Lance Miller, the CEO of start-up Integration Logic Inc., explains why he isn't even trying to raise capital. Cash-flow and profitability, he argues, are the true keys to long-term success.
Why doesn't Lance Miller worry about raising money? Because he's found a better way to secure his company's finances
In the good old days--meaning, as recently as a year ago--it was easy for entrepreneurs with growth on their minds to devote more energy to raising cash than to managing cash flow. A lot of money was out there chasing deals. At the same time, in many industries (particularly those experiencing consolidation or reconfigurations as a result of new technologies), there was enormous pressure to grow fast, and immediately.
Yet again, a new age of capital is dawning. Market volatility, shrinking financing opportunities, and heated competition for money are imposing a new discipline--or should we say, the old discipline--on business owners. Sound cash-flow management is the name of today's game. For a fair number of entrepreneurs, especially those in the start-up and early phases of operation, it may be the main source of financing. While such an approach may force companies to grow more slowly, at least at first, it may also result in stronger long-term prospects and, eventually, better financing potential.
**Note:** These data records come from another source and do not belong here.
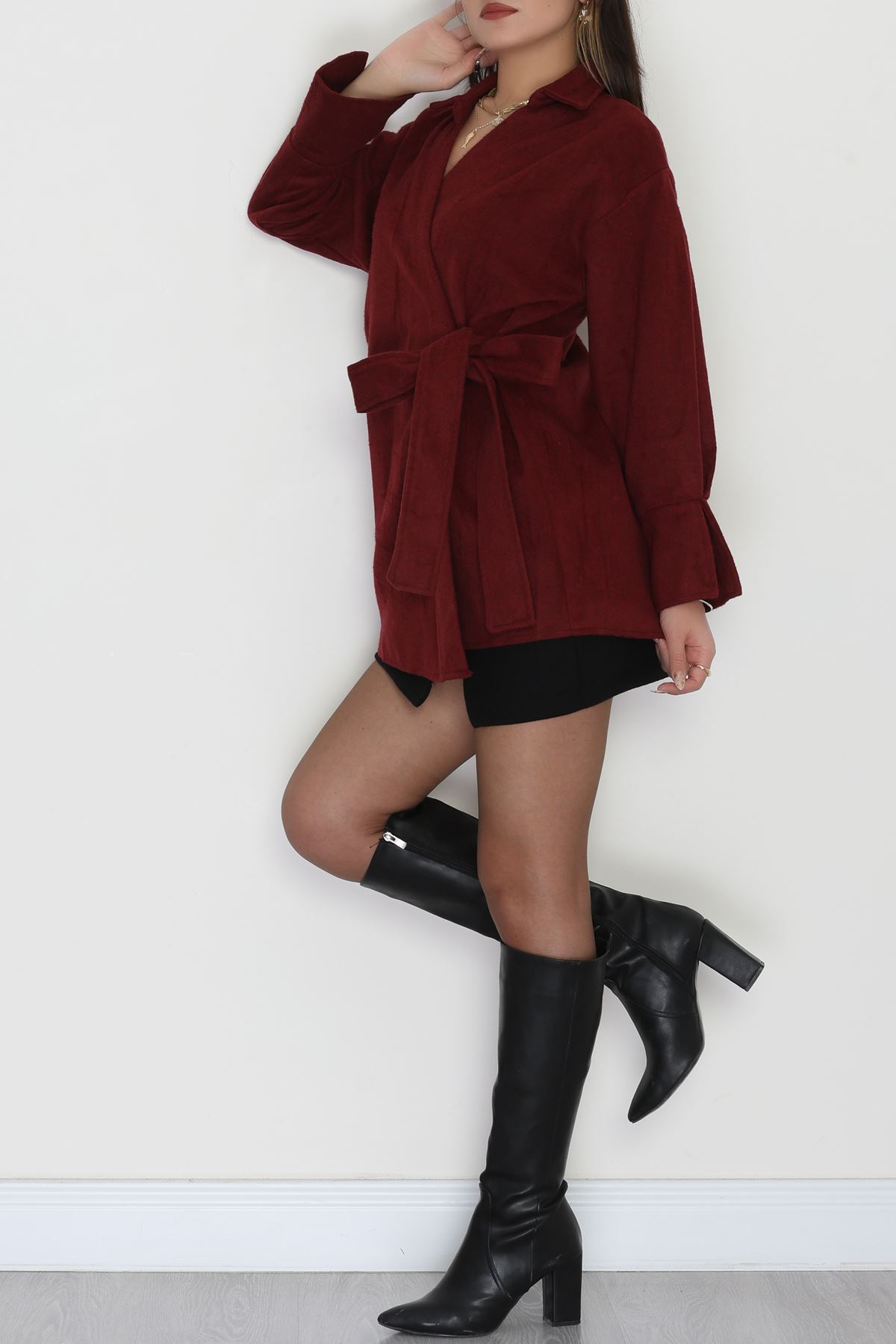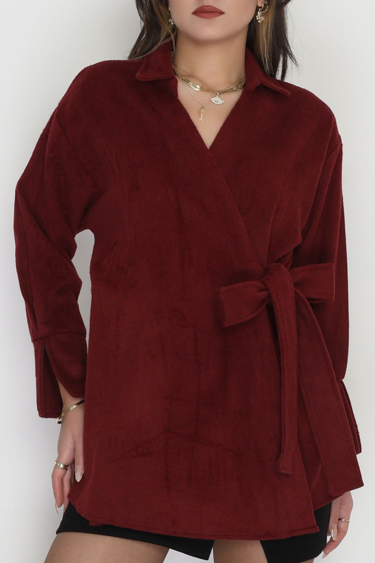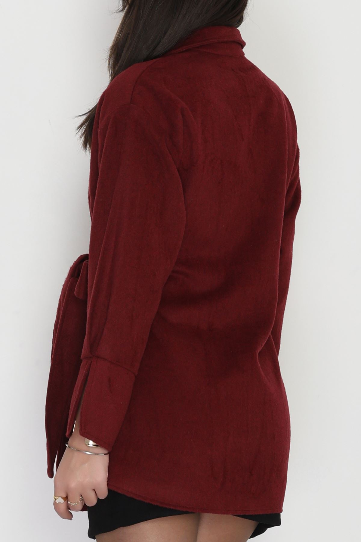 Bağlamalı Kruvaze Yaka Kaşe Ceket Bordo1 - 70993.1775.
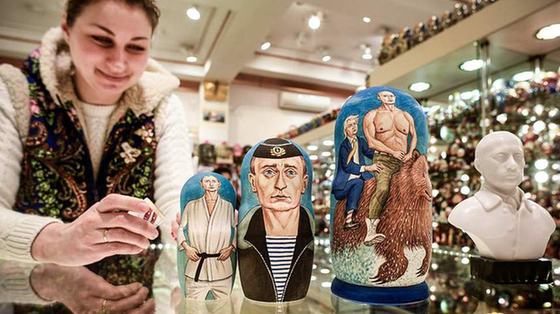 當(dāng)?shù)貢r(shí)間2018年3月13日,俄羅斯莫斯科,俄羅斯大選將于3月18日舉行,大選主題紀(jì)念品熱賣。
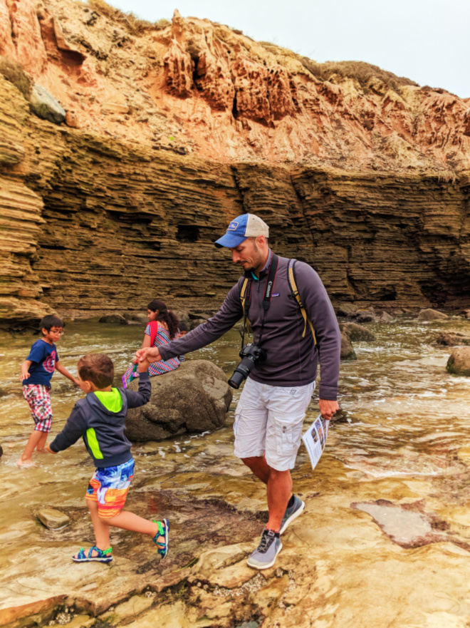 Cabrillo has two lighthouses, but only one that’s accessible. We toured it and the kids asked if we could live in a lighthouse (I wish) and then headed for the bluff to watch for whales. No gray whales today, but we did see some really cool tall ships and some vintage WWII war planes flying over (the planes, not the ships). After that we headed to the tidepools hoping to find some cool creatures, but the tide was coming in and our pools were limited. Still fun though.
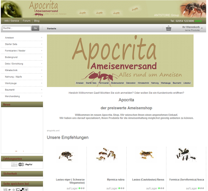 wie Euch vielleicht aufgefallen ist, wurde in den letzten Wochen das Sortiment von Antstore etwas umgestellt. Grund dafür ist die Neueröffnung von Apocrita unter neuer Leitung. Meiner Leitung.
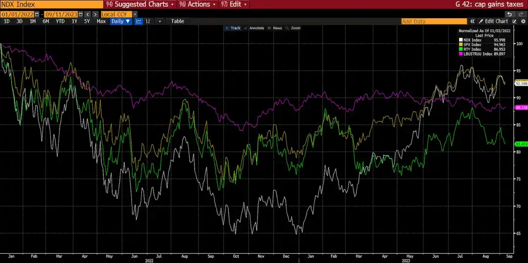 다음은 2022년 초부터 현재까지 S&P 500(노란색), 나스닥 100(흰색), 러셀 2000(녹색) 및 Bloomberg U.S. Aggregate Total Return Bond Index(마젠타)의 수익률을 100 기반 차트로 마감한 것입니다.

To Lance Miller and his partners, Phil Underhill and Mohammed Kabir, the new realities make good sense. Miller, formerly a top executive at a major New York City bank, joined forces last fall with the two established technology consultants to start up Integration Logic Inc., which produces customizable productivity and E-commerce applications for Internet, intranet, and extranet users. So how much capital has the trio tried to raise so far? Absolutely none.
"I come from the old school," says chief executive Miller, "which means that I focus on profitability and cash flow above all else. My partners and I agree there is a strong need for our products in the marketplace right now. We want to be able to satisfy that need, not to get so distracted chasing after money that we wind up missing our competitive moment. Quite frankly," he says, "we get scared when we look at companies that have raised money and are now burning through it in situations where their business fundamentals are still weak. At the end of the day, how many of them are going to be around?"
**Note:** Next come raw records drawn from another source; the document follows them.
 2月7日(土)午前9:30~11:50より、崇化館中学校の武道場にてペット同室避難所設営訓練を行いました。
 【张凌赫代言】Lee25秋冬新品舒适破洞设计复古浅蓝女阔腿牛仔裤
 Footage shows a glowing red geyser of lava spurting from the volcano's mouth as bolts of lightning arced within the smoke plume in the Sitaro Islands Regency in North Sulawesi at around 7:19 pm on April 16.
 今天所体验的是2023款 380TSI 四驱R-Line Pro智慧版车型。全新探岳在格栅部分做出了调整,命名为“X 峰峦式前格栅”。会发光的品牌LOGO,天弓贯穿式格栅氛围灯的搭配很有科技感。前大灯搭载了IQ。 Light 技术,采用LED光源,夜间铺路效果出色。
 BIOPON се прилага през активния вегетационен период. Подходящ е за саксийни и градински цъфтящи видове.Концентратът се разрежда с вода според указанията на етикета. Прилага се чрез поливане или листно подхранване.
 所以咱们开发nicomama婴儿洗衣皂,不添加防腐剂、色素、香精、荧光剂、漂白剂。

Miller says that he and his partners, with their sights set on long-term success, are following three business fundamentals in order to reach their goals: "Achieve and maintain profitability from day one. Keep cash flow positive. Create real company value by building our customer base and our product base." Those achievements, he believes, will stand them in good stead when they do seek outside funding. "Just think how much stronger our position will be if we put off raising capital until we can demonstrate our achievement of those fundamentals, rather than simply having a good story to tell," he says.
Acknowledging that Integration Logic must pursue its growth strategy on "Internet time"--meaning quickly--Miller hopes that the company will be in a strong-enough position to raise $1 million to $5 million from private-equity investors sometime this quarter. "We have plans for some killer applications, strategic marketing ties with some very good advertising and public-relations agencies, and, so far, a great response from our customers." He pauses. "I've spent 15 years in corporate finance and know how to talk to investors. If we just wait until we're able to prove how solid our business plan is, this company will be unstoppable."